**WORK TO BE COMPLETED**
In this exercise, print only the lines of the records below from the one with "10月の営業のお知らせ" through the one with "Mit Ceranfeld, Kühlschrank", inclusive. Pictures are not part of the copy.

*-*-*

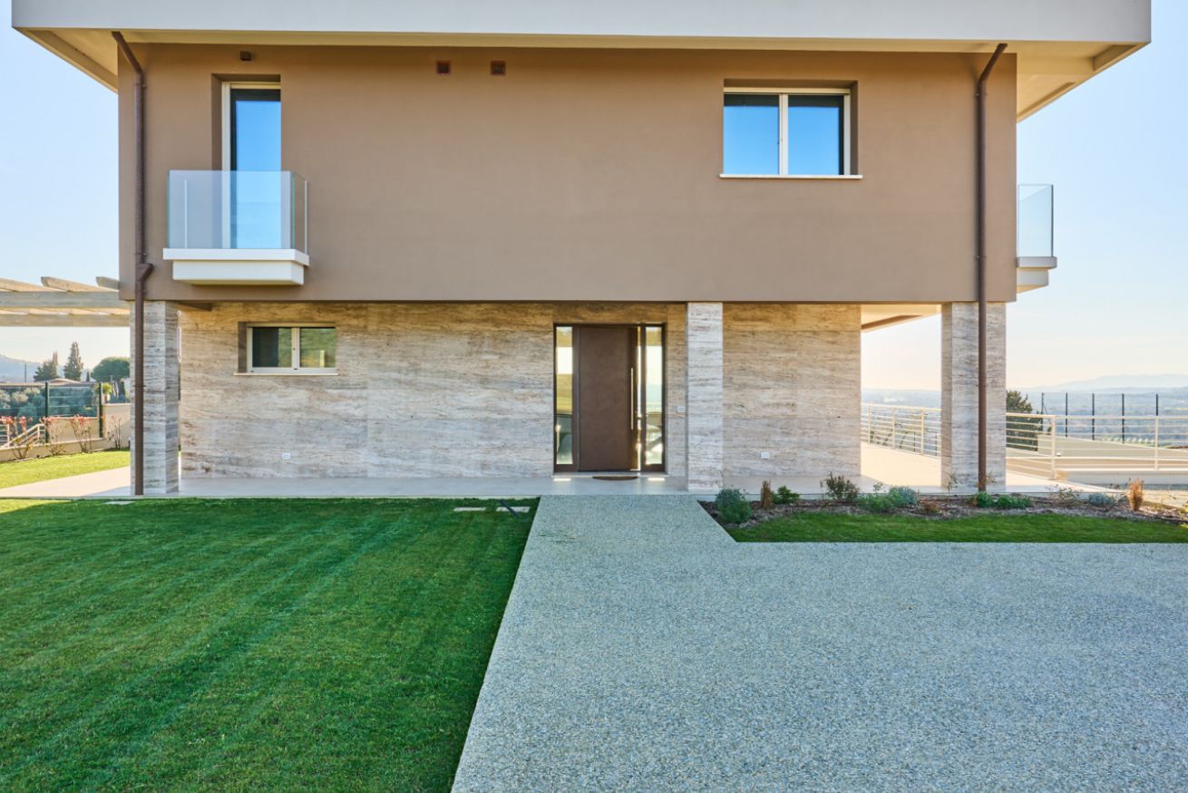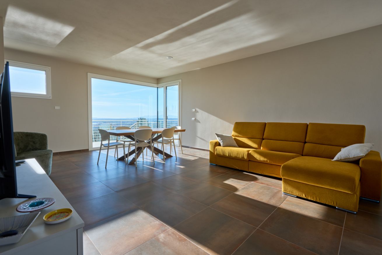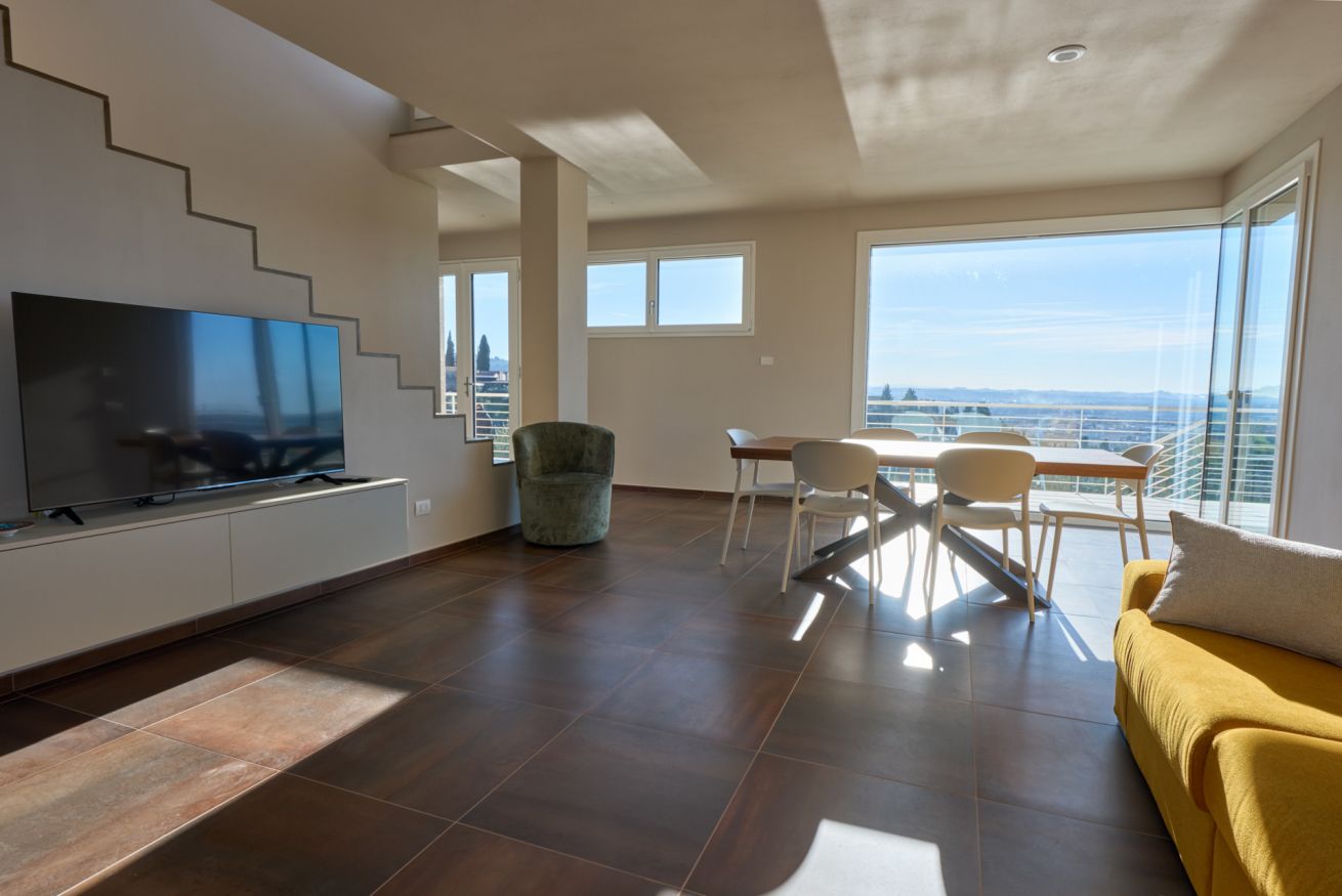 Il piano terra accoglie gli ospiti in un grande e luminoso soggiorno con area relax e Smart TV, impreziosito da un ampio tavolo da pranzo dal quale si gode una splendida vista sul loggiato e sul giardino. Da qui lo sguardo si posa sulla magnifica piscina privata, cuore pulsante degli spazi esterni. A servizio del piano un bagno.
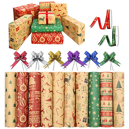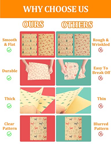 【Qualità Affidabile】: La Carta da regalo natale realizzata in carta kraft di alta qualità, che è durevole, bella, non tossica, resistente allo strappo, carta pieghevole e può essere tagliata.
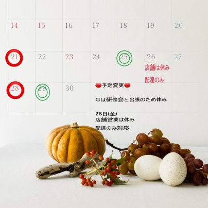 10月の営業のお知らせ
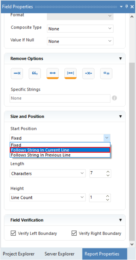 In Astera, you can manually specify the start position of a selected data field in the Field Properties panel. There are three options available in the drop-down menu to specify the Start Position, as shown below.
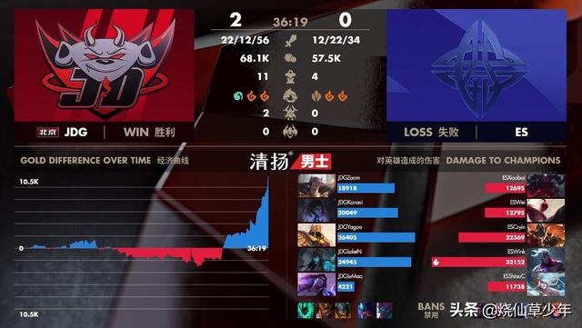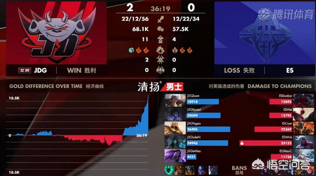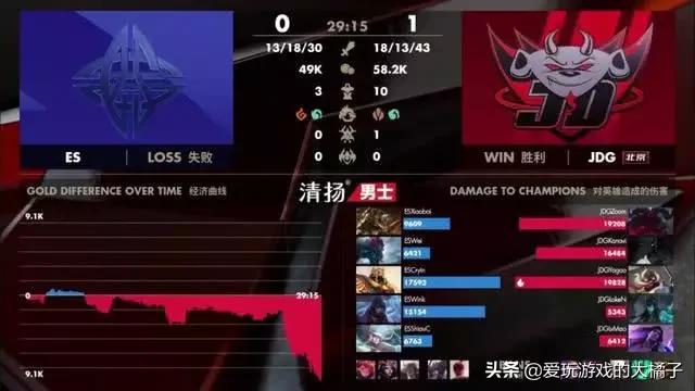 简单回顾下ES对战JDG的这两局比赛,在第一局游戏中,两边在前期打的其实比较均势,两边打的有来有回互不想让,人头和经济基本持平,JDG战队经济小领先一些。最终JDG依靠大龙逼团,ES战队打野想抢龙被集火秒掉,之后JDG以多打少,打赢团战拿下第一场比赛胜利。
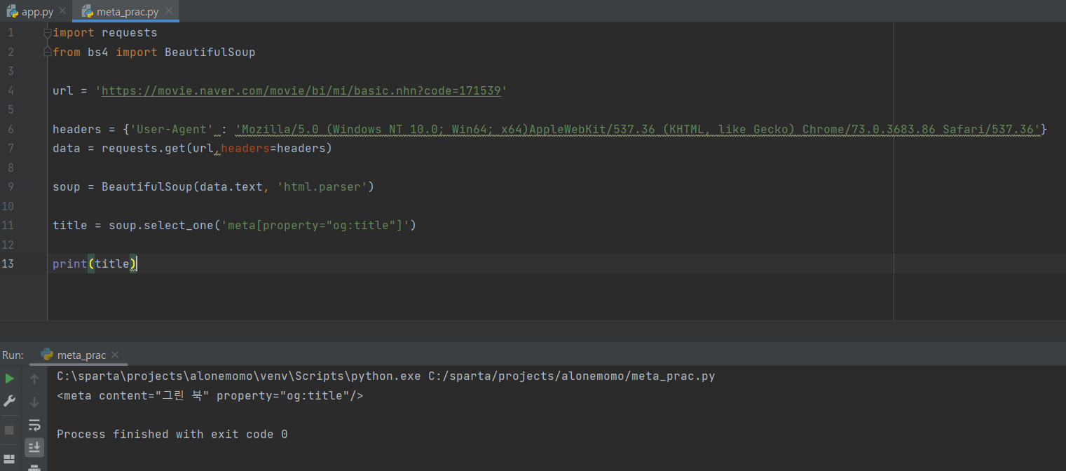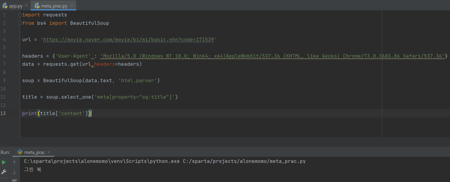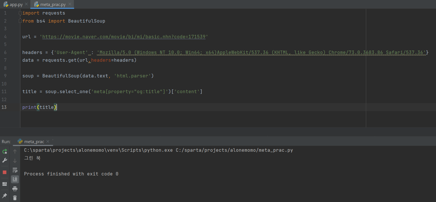라이브러리 설치 flask , pymongo, requests(크롤링할때 사용),bs4(beautifulsoup)
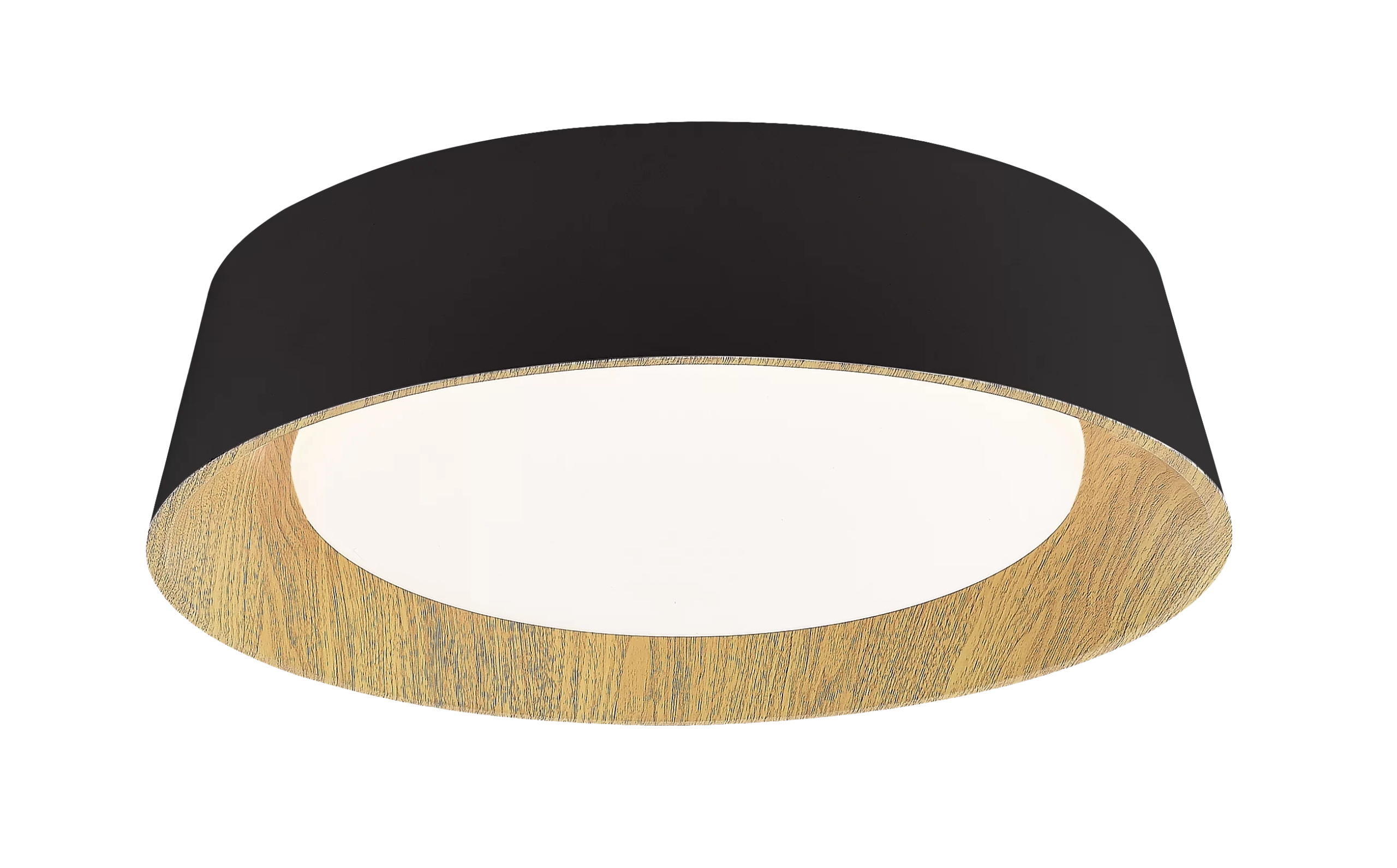 Plafon Dakota. Luminaria de techo circular y de estilo moderno, fabricado en acero con LED integrado. Viene en color blanco o negro con detalles en madera.
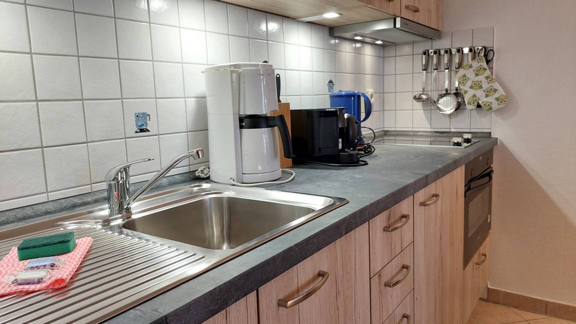 Mit Ceranfeld, Kühlschrank (samt Gefrierfach), Nespresso-Kaffeemaschine und Geschirrspüler steht alles zur Verfügung um sich auch im Urlaub selbst zu verpflegen.
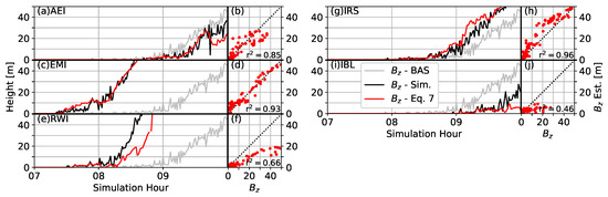 Figure A3 plots the comparison for the additional simulations presented in (Table A2). In the left-hand column, we show simulated , along with the estimated value of using Equation (7), and . For comparison, from the BAS simulation is shown in gray. On the right, the estimated is compared directly with the simulated . Except for the IWI simulation where no fog formed, is very well estimated with Equation (7).
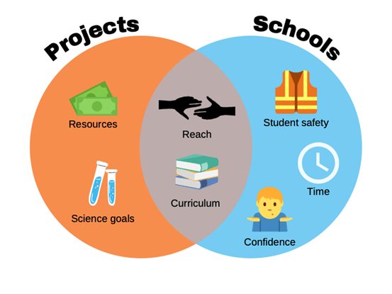 • Citizen science project leaders may not have the necessary resources and knowledge to run school projects

*-*-*

**ANSWER AREA**
 10月の営業のお知らせ
 In Astera, you can manually specify the start position of a selected data field in the Field Properties panel. There are three options available in the drop-down menu to specify the Start Position, as shown below.
 简单回顾下ES对战JDG的这两局比赛,在第一局游戏中,两边在前期打的其实比较均势,两边打的有来有回互不想让,人头和经济基本持平,JDG战队经济小领先一些。最终JDG依靠大龙逼团,ES战队打野想抢龙被集火秒掉,之后JDG以多打少,打赢团战拿下第一场比赛胜利。
라이브러리 설치 flask , pymongo, requests(크롤링할때 사용),bs4(beautifulsoup)
 Plafon Dakota. Luminaria de techo circular y de estilo moderno, fabricado en acero con LED integrado. Viene en color blanco o negro con detalles en madera.
 Mit Ceranfeld, Kühlschrank (samt Gefrierfach), Nespresso-Kaffeemaschine und Geschirrspüler steht alles zur Verfügung um sich auch im Urlaub selbst zu verpflegen.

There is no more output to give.